▶ _WHAT NEEDS TO BE DONE_:
For this exercise, write out only the lines of the entries below from the one with "兼好・菊之丞・貞水 講談と落語 至高の二大話芸" up to and including the one with "Dal 14 al 20", exactly as they are. Pictures stay out.

▶ _MATERIAL PROVIDED_:
▼▼▼

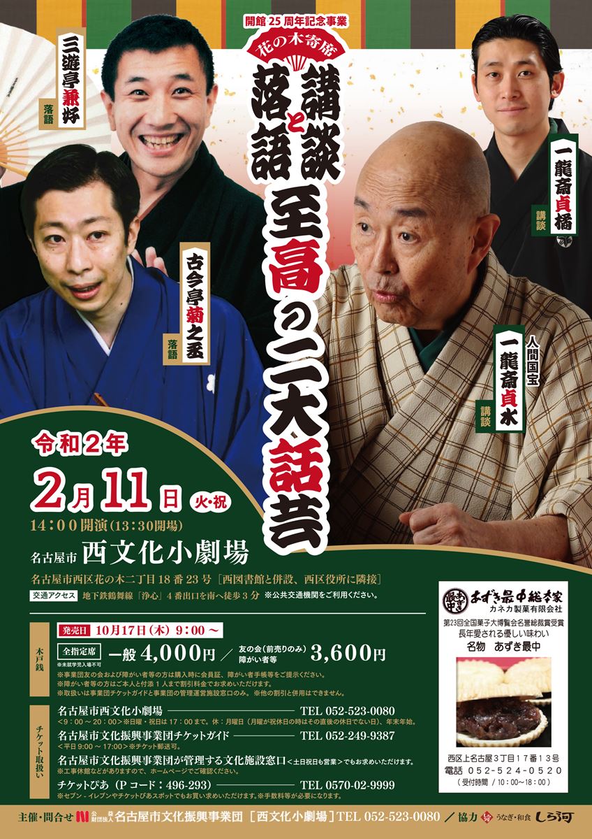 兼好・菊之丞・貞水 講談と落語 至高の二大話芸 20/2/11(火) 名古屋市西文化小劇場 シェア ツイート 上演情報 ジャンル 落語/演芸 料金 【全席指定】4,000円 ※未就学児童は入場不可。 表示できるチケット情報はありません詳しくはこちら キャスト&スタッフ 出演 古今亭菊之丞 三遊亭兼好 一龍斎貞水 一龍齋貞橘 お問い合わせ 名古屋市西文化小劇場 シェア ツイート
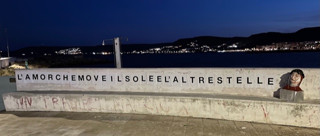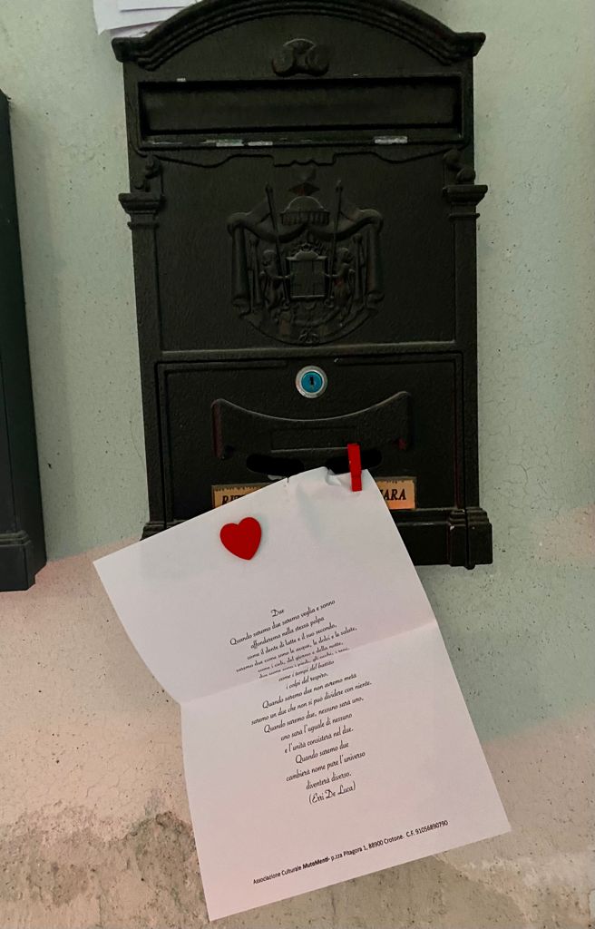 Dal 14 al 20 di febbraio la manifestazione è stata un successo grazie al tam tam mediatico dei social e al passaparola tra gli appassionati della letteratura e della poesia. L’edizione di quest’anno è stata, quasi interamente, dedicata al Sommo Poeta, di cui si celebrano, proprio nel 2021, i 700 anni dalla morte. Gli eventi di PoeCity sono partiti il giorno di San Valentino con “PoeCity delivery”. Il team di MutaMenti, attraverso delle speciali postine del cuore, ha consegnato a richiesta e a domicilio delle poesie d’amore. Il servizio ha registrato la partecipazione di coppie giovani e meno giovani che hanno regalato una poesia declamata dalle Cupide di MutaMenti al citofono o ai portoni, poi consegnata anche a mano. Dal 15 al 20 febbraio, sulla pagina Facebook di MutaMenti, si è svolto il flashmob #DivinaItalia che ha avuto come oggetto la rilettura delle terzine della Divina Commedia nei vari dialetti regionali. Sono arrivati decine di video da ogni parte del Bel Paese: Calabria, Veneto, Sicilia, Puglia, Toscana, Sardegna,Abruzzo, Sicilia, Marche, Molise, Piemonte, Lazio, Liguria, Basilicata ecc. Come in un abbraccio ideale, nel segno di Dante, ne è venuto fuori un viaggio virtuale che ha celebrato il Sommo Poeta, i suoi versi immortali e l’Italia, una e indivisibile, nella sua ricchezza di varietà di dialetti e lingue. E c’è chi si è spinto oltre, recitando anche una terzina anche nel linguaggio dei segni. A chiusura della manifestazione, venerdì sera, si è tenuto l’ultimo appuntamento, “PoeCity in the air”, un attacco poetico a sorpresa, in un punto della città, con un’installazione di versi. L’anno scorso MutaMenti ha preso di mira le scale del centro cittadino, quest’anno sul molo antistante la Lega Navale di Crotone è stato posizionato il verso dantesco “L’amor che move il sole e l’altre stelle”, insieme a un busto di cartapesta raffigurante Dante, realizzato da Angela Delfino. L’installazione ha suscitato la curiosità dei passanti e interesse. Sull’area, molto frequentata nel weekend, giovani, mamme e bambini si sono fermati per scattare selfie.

▲▲▲
▼▼▼

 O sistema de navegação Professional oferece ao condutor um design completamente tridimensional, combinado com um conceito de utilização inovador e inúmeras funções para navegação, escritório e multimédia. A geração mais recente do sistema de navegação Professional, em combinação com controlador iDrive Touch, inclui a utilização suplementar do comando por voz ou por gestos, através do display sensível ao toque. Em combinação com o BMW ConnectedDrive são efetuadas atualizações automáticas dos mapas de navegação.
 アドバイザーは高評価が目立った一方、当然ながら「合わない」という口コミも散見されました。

▲▲▲

▶ _TASK SOLUTION_:
 兼好・菊之丞・貞水 講談と落語 至高の二大話芸 20/2/11(火) 名古屋市西文化小劇場 シェア ツイート 上演情報 ジャンル 落語/演芸 料金 【全席指定】4,000円 ※未就学児童は入場不可。 表示できるチケット情報はありません詳しくはこちら キャスト&スタッフ 出演 古今亭菊之丞 三遊亭兼好 一龍斎貞水 一龍齋貞橘 お問い合わせ 名古屋市西文化小劇場 シェア ツイート
 Dal 14 al 20 di febbraio la manifestazione è stata un successo grazie al tam tam mediatico dei social e al passaparola tra gli appassionati della letteratura e della poesia. L’edizione di quest’anno è stata, quasi interamente, dedicata al Sommo Poeta, di cui si celebrano, proprio nel 2021, i 700 anni dalla morte. Gli eventi di PoeCity sono partiti il giorno di San Valentino con “PoeCity delivery”. Il team di MutaMenti, attraverso delle speciali postine del cuore, ha consegnato a richiesta e a domicilio delle poesie d’amore. Il servizio ha registrato la partecipazione di coppie giovani e meno giovani che hanno regalato una poesia declamata dalle Cupide di MutaMenti al citofono o ai portoni, poi consegnata anche a mano. Dal 15 al 20 febbraio, sulla pagina Facebook di MutaMenti, si è svolto il flashmob #DivinaItalia che ha avuto come oggetto la rilettura delle terzine della Divina Commedia nei vari dialetti regionali. Sono arrivati decine di video da ogni parte del Bel Paese: Calabria, Veneto, Sicilia, Puglia, Toscana, Sardegna,Abruzzo, Sicilia, Marche, Molise, Piemonte, Lazio, Liguria, Basilicata ecc. Come in un abbraccio ideale, nel segno di Dante, ne è venuto fuori un viaggio virtuale che ha celebrato il Sommo Poeta, i suoi versi immortali e l’Italia, una e indivisibile, nella sua ricchezza di varietà di dialetti e lingue. E c’è chi si è spinto oltre, recitando anche una terzina anche nel linguaggio dei segni. A chiusura della manifestazione, venerdì sera, si è tenuto l’ultimo appuntamento, “PoeCity in the air”, un attacco poetico a sorpresa, in un punto della città, con un’installazione di versi. L’anno scorso MutaMenti ha preso di mira le scale del centro cittadino, quest’anno sul molo antistante la Lega Navale di Crotone è stato posizionato il verso dantesco “L’amor che move il sole e l’altre stelle”, insieme a un busto di cartapesta raffigurante Dante, realizzato da Angela Delfino. L’installazione ha suscitato la curiosità dei passanti e interesse. Sull’area, molto frequentata nel weekend, giovani, mamme e bambini si sono fermati per scattare selfie.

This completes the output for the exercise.